ですので基本的には、自動的に免税事業者となる、はずなのですが…
期首の資本金が1,000万円以上の法人については、「小規模な事業者ではない」と判断され、納税義務を免除しない=課税事業者となります。
ですので、会社設立時の資本金は1,000万円未満にするのがセオリーではあります。
派遣会社などのように「資本金2,000万円以上じゃなきゃならない」というケースは仕方ありませんが。
「期首」の資本金が1,000万円かどうかで判定しますので、例えば900万円で設立して期中に100万円増資した場合は、1期目は免税事業者となり、2期目は課税事業者となります。

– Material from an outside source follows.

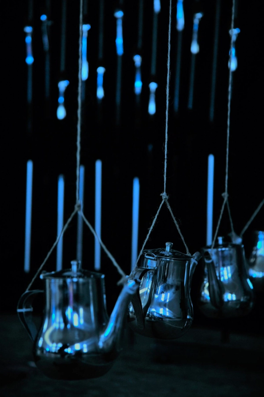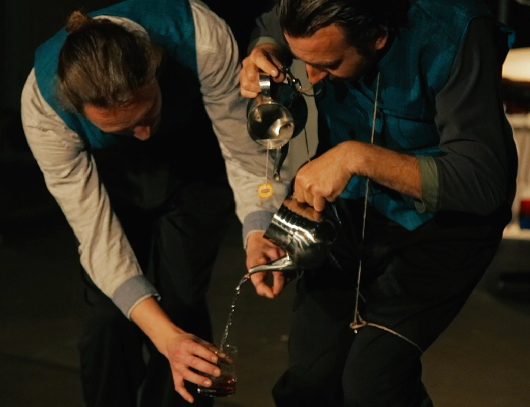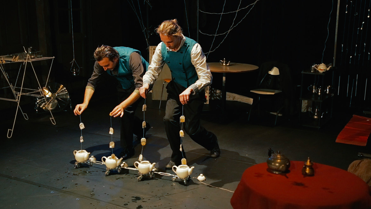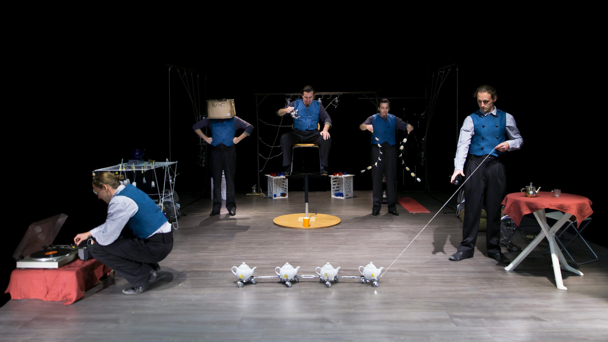 Dans la pure tradition du burlesque et au rythme qu’impose le genre, ils détournent les objets de leurs usages premiers, font voler les théières et danser les verres, mettent les sucres en lévitation dans des chorégraphies mécaniques, font onduler les sachets de Thé comme le joueur de flûte fait lever le serpent…
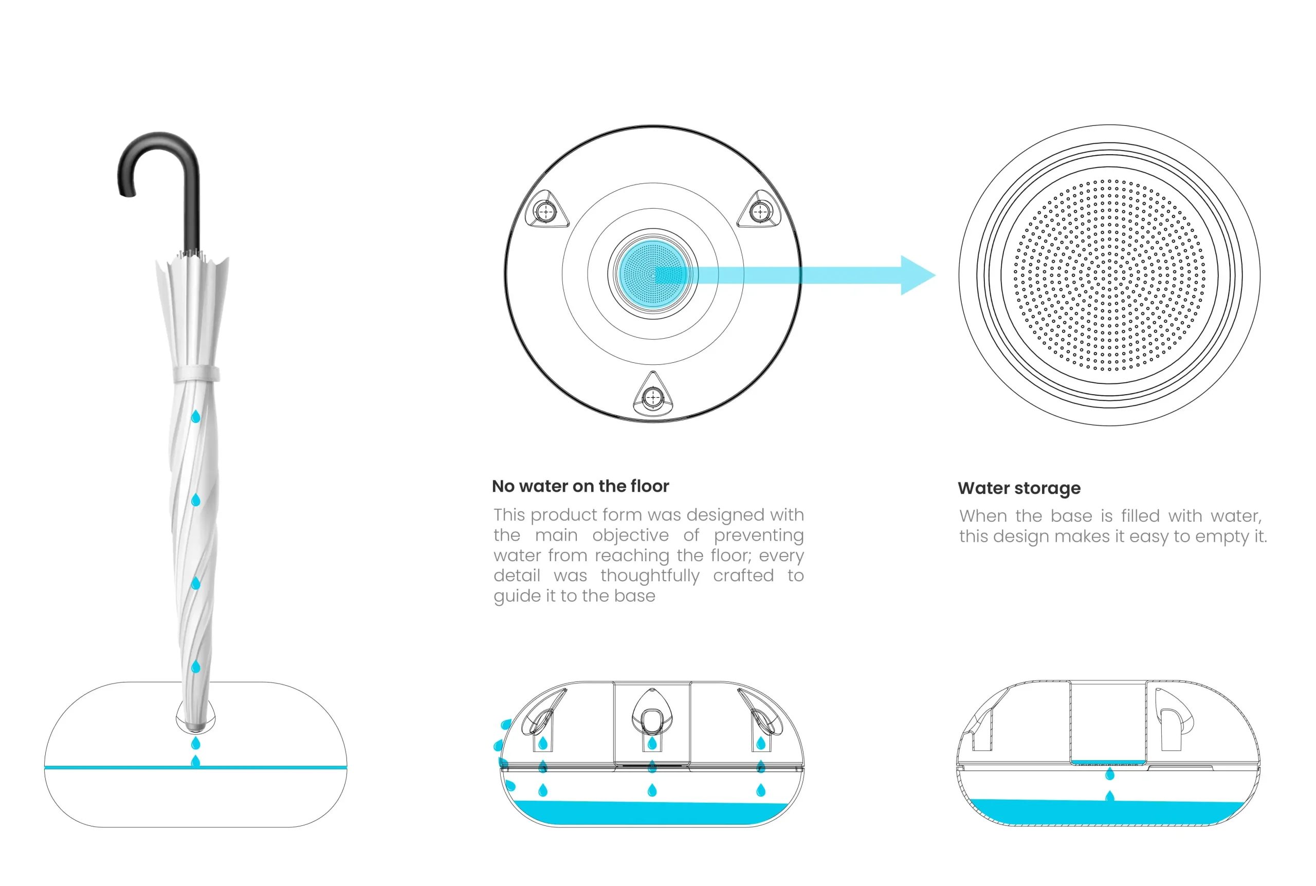 El portaparaguas es un componente funcional diseñado para albergar múltiples paraguas. Equipado con recortes de drenaje, recoge el agua de los paraguas, evitando que se propague al área circundante.

1期目の期中に減資をして2期目から免税にするケースもあります。
2-3:課税事業者選択届出書を提出した場合
免税事業者であっても、「課税事業者選択届出書」という書類を提出することで、あえて課税事業者になることもできます。
たとえば、不動産投資をする場合、1期目で多額の設備投資が発生する場合などは、
「払った消費税 > 受け取った消費税」となりがちで、その差額は申告をすると還付されます。
その消費税の還付を狙い、あえて自ら課税事業者を選ぶケースがあるのです。
注意点は、以下の2つです。
- 最低でも2年間は免税事業者になれない
- その2年間に100万円以上の資産を購入した場合、さらに1年間免税事業者になれない(3年縛り)&簡易課税制度も選択できない
(還付申告をご自分でされる方はなかなかいないと思いますが、念のため)
2-4:特定新規設立法人に該当する法人
大きな会社(売上が5億円超)のグループ会社については、新設法人であっても、納税義務が免除されません。(超ざっくり)
税理士以外は気にする必要はないと思います。。
2-5:高額特定資産を取得した場合、自己建設高額特定資産の建設をした場合
1,000万円以上の資産を取得した場合、3年間は免税事業者になれず、簡易課税制度も選択できません。
こちらも税理士以外は気にする必要はないかと。。
3:判定フローチャート
「今年の自分が消費税の課税事業者なのか、免税事業者なのか」を判定できるフローチャートを作ってみました。
(「税理士以外は気にする必要はない」と書いた制度については省略しました)
参考になれば幸いです。
4:補足・注意点・用語解説
4-1:法人で基準期間が1年未満の場合
法人の設立1期目などは基準期間が1年未満になることがありますが、その場合には売上を12か月に換算して計算します。
500万×12ヵ月/3ヵ月=2,000万円>1,000万円
課税事業者に該当
※個人事業主の場合には年換算はしません。
4-1:1,000万円の判断は税抜?税込?
基準期間の売上が1,000万円を超えているかどうかは、原則として「税抜の売上金額」で判定します。
ただし、その基準期間において免税事業者の場合には、「税込の売上金額」で判定します。
4-3:課税売上高って?
売上には、消費税が「課税」のものと「非課税」のものがあります。そして消費税の課税事業者となるのは、基準期間の「課税売上高」が1,000万円を超えている事業者です。
例えば、住宅の家賃収入は非課税となっていますので、基準期間における家賃収入が1,000万円を超えていても、消費税の課税事業者にはなりません。
課税、非課税等の区分については、以下の記事で詳しく解説しています。
消費税の課税区分、課税・免税・非課税・不課税の違いを理解しよう
4-4:課税事業者
消費税を納める義務のある事業者です。
4-5:免税事業者
消費税の納税を免除されている事業者です。
4-6:インボイス制度
2023年10月1日からインボイス制度が始まるため、あえて課税事業者を選択する小規模事業者も増えてくると思われます。
5:まとめ
消費税の納税義務は、基本的に以下の2つで判定します。
- 基準期間の課税売上高が1,000万円を超えているか
- 特定期間の課税売上高or給与支払額が1,000万円を超えているか
消費税は納税額も多額になりがちですので、納税義務判定を誤ってしまうとダメージが大きいです。少しでも不安があれば税理士に相談することをオススメします。